(Exercise)
Extract from the entries below, exactly as given, only the lines from the line containing "Внутри открытки у" to the line containing "Butterfly wing two", both lines included.

(Record excerpts)
————————

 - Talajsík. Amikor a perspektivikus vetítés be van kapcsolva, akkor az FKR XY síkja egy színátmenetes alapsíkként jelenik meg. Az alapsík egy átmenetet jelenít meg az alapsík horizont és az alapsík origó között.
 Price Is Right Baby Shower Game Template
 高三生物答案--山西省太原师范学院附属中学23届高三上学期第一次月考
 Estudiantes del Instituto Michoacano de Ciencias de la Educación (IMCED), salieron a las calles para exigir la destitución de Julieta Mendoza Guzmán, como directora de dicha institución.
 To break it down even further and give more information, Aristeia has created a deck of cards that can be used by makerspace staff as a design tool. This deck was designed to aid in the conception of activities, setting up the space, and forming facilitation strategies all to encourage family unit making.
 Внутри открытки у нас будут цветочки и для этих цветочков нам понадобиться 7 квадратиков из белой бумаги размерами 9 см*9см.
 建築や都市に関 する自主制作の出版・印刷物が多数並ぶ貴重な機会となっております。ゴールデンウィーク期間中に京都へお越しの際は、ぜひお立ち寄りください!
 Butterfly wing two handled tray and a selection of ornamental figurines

————————

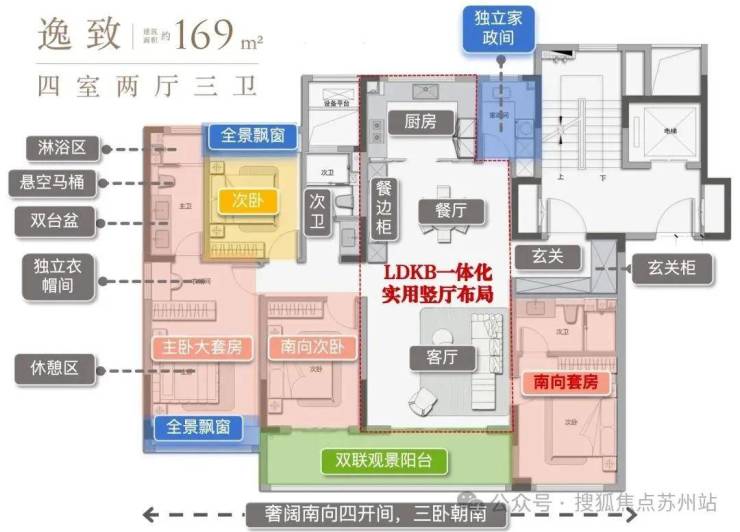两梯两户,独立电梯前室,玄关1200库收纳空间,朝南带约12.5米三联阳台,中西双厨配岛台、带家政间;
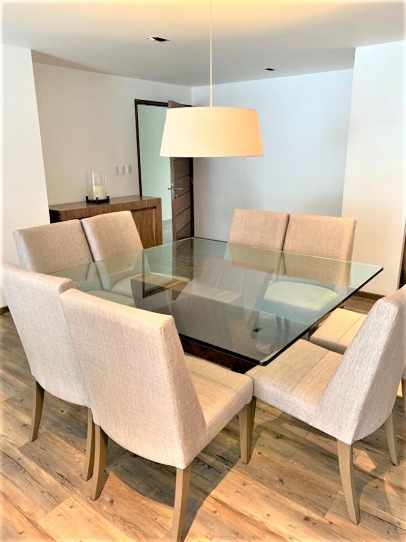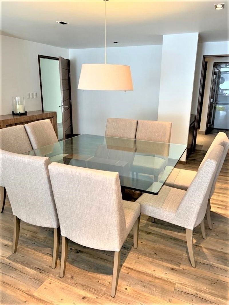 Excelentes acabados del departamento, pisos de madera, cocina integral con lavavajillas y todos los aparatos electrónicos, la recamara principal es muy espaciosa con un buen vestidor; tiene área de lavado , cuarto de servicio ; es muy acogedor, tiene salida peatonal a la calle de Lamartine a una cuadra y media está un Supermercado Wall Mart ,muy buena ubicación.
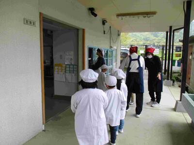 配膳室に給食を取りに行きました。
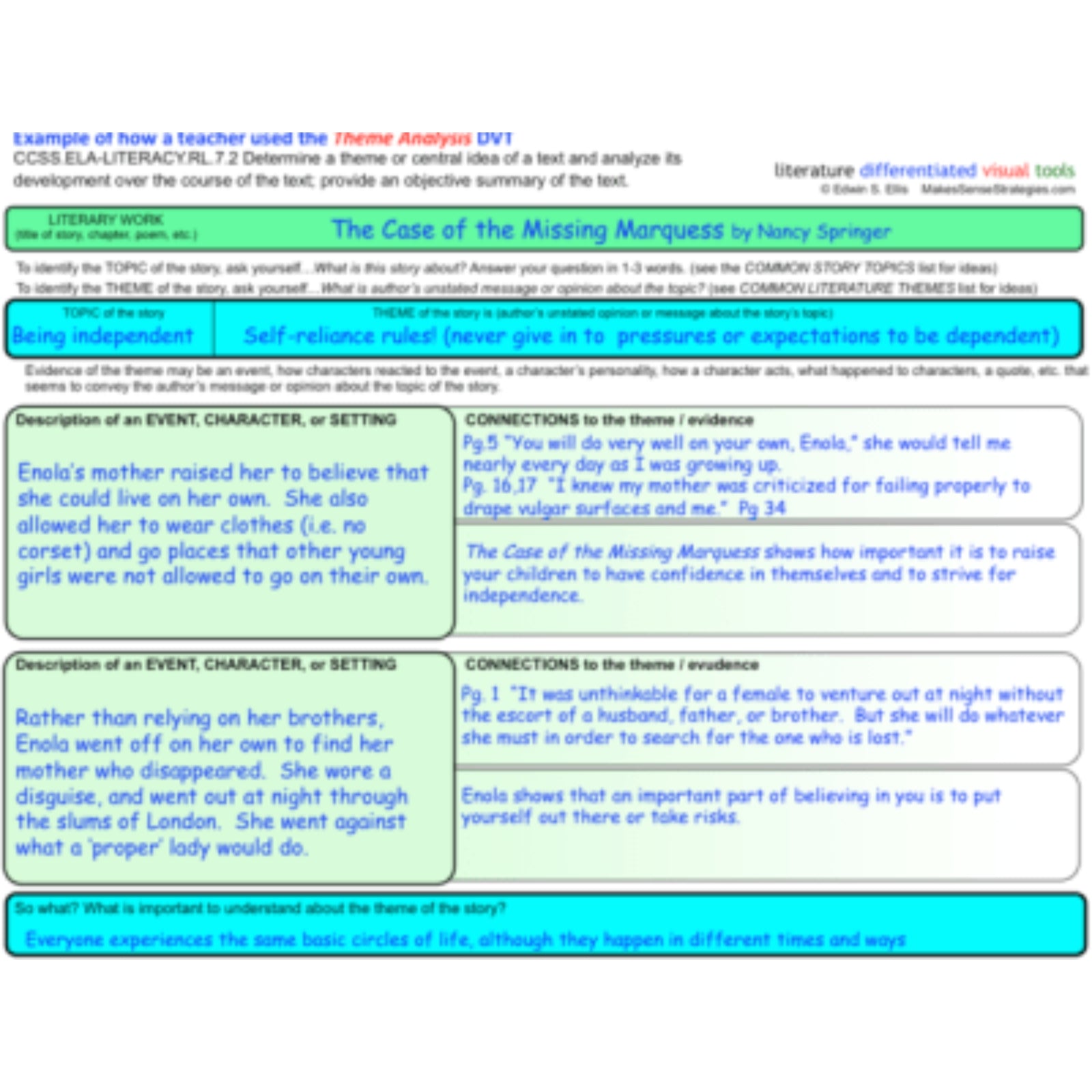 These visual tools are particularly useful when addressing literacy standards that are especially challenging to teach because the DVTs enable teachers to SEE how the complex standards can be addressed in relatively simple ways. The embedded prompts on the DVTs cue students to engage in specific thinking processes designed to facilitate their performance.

————————

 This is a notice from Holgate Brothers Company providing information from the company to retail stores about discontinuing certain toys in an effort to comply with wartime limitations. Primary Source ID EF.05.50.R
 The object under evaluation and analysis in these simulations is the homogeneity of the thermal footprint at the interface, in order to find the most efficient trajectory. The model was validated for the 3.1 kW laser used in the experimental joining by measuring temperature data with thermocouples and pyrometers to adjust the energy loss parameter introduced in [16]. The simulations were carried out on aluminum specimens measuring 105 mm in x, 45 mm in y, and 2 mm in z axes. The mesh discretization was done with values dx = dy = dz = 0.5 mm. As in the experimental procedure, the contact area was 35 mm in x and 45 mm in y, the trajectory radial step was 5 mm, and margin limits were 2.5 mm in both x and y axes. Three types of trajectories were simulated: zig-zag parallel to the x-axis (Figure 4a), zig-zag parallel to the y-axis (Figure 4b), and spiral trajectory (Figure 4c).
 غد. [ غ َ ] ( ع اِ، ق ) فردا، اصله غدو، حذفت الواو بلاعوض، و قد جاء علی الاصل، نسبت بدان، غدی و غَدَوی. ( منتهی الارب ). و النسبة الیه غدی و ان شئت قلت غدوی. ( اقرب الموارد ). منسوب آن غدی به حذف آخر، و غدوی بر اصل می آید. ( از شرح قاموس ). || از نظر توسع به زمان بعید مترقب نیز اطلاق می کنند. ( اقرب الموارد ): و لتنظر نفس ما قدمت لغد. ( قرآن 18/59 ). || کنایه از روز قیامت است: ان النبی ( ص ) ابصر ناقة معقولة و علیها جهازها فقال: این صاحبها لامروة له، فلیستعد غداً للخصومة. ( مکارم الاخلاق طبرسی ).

————————

(Task response)
 Внутри открытки у нас будут цветочки и для этих цветочков нам понадобиться 7 квадратиков из белой бумаги размерами 9 см*9см.
 建築や都市に関 する自主制作の出版・印刷物が多数並ぶ貴重な機会となっております。ゴールデンウィーク期間中に京都へお越しの際は、ぜひお立ち寄りください!
 Butterfly wing two handled tray and a selection of ornamental figurines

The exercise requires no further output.